“Yessir.” His voice came from somewhere in his mouth, but the man did not move a single muscle, even as he spoke.
Mary Alice’s living room was white wicker furniture, pastel cushions, and small throw rugs with geometric designs. A pure-white stereo system. French doors faced a small plant-filled deck at the rear of the main room. A chubby sand-colored cat with a floral collar lay on a wood-slat bench. Nothing familiar until I looked closely at the framed art on the walls. I remembered the night she had led me to her place in the Strunk Apartments. She’d owned an impressive collection of local work, much of which she’d acquired inexpensively, early in the artists’ careers. She had not stopped accumulating. There must have been thirty pieces on display. The work had appreciated. The four A. D. Tinkham watercolors would pay the house rent for six months, maybe a year.
“Okay,” said Monty. “Except for that window, everything’s placid in here. We haven’t said a thing about any of this because we want you to look and tell us your impression. The body is gone and there’s dust from the lab crew all over, but everything else is untouched.”
I looked at Monty, then at Liska. They both deadpanned. I was either their biggest clue or biggest suspect. For the third time I felt that my spark of fear at the airport had been right on. They wanted me to incriminate myself. A setup, out of the wild blue yonder. All too tight. My innocence gave me little comfort.
Chicken Neck opened the bedroom door. The room looked like the aftermath of a hurricane. Two broken lamps, busted glass in the frames on the wall—more photographs than art in here—drawers pulled from the bureau and turned, a large potted palm on its side with sphagnum and dirt and vermiculite spilled across a genuine-looking Oriental. Blue and beige wallpaper torn near the doorframe. The four-poster bed at an angle; one leg broken under the frame. Rope secured to each post. The loose ends cut clean by the ME squad.
“Say anything you like,” said Monty. “You’ve photographed the Albury scene and viewed the Balbuena and Guthery scene details in Lester’s photographs. By the way, Mary Alice’s face was duct-taped like Ellen Albury’s, and her robe lay open like Sally Ann Guthery’s. She had on a short nightgown, like a teddy. Whatever they call it. Victoria’s Secret type of thing.”

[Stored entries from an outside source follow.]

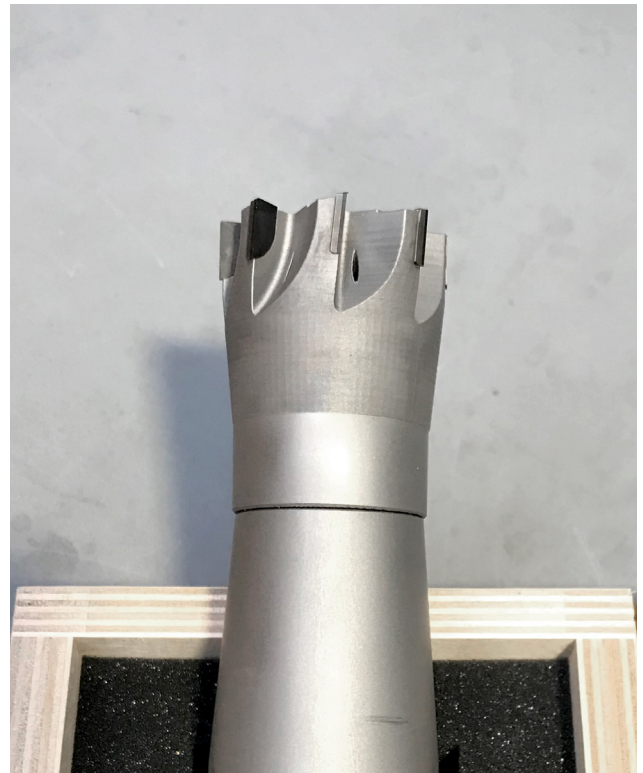
Tool tips were fixed to the 3D printed body before being ground to the required shape.

“From verifying the tool's design to printing the tool, we can vastly reduce the lead time with 3D printing, as opposed to manually machining the parts.”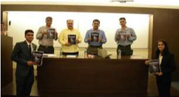
A medley of emotions Inauguration of Department Magazine, News letter and the Valedictory function. 25 th April 2017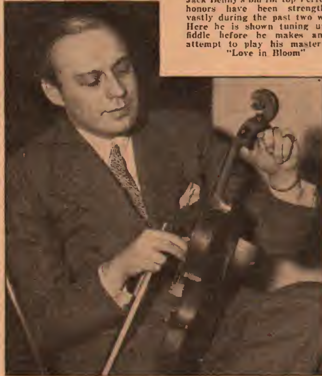
Jack Benny's bid for top Performer honors have been strengthened vastly during the past two weeks. Here he is shown tuning up his fiddle before he makes another attempt to play his masterpiece, "Love in Bloom"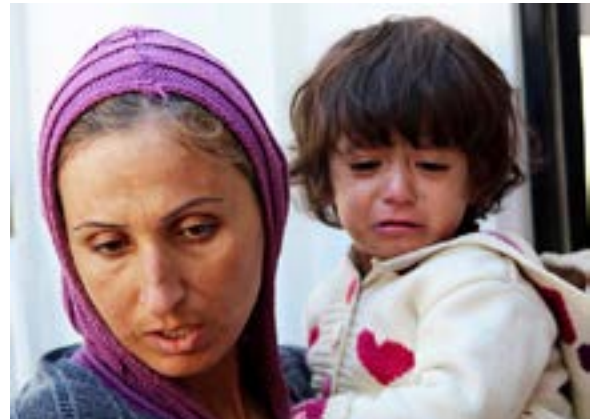
A minority woman and her baby

and special measures that prevent and eliminate discrimination based on sex and gender, provide a definition of the principle of equality, and prohibit discrimination on various grounds. Since then, Serbia has adopted policies and action plans and ratified international and national conventions intended to prevent discrimination and violence against women and improve the status of women. 76 In 2017, President Vučić appointed Ana Brnabić, a gay woman, to be the prime minister of Serbia. 77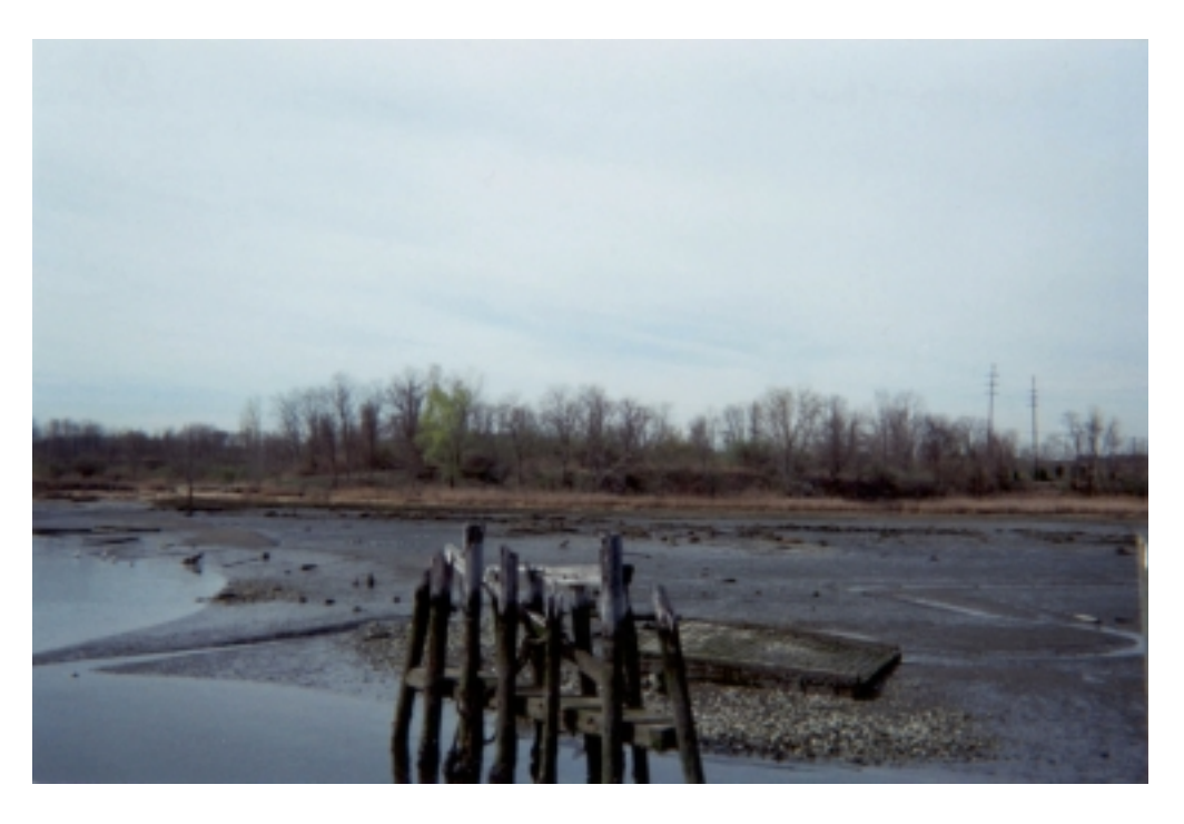
Photograph 3: Bar Beach Lagoon at low tide, facing the south side of the lagoon with Hampstead Harbor on the left and Shore Road on the right. Historical pier pilings can be seen in the foreground and Spartina clumps scattered in the middle of the tidal flats area.

I went into analytical overdrive. The hitches on the near side posts looked right. A bowline on the footpost. A rolling hitch high on the headpost. On the far side of the bed the knots mirrored the first two. Same height, same rub marks in the dark veneer. The son of a bitch had done it again.
I shifted my attention around the room as if framing evidence shots. The place didn’t have the same feel as the others. The extreme messiness had something to do with it. I looked again at the knots. The braided rope was fresh. It could not have come from
Barracuda.
Something on the far headpost caught my eye. I walked around the bed for a closer look. The knot that I’d taken at first to be a bowline was a simple slip knot. I checked the footboard post. The hitch was more like several half hitches and a clove hitch. A sloppy knot that happened to have a multiple definition. The first knots I’d inspected were correct. The knots on both far posts were wrong.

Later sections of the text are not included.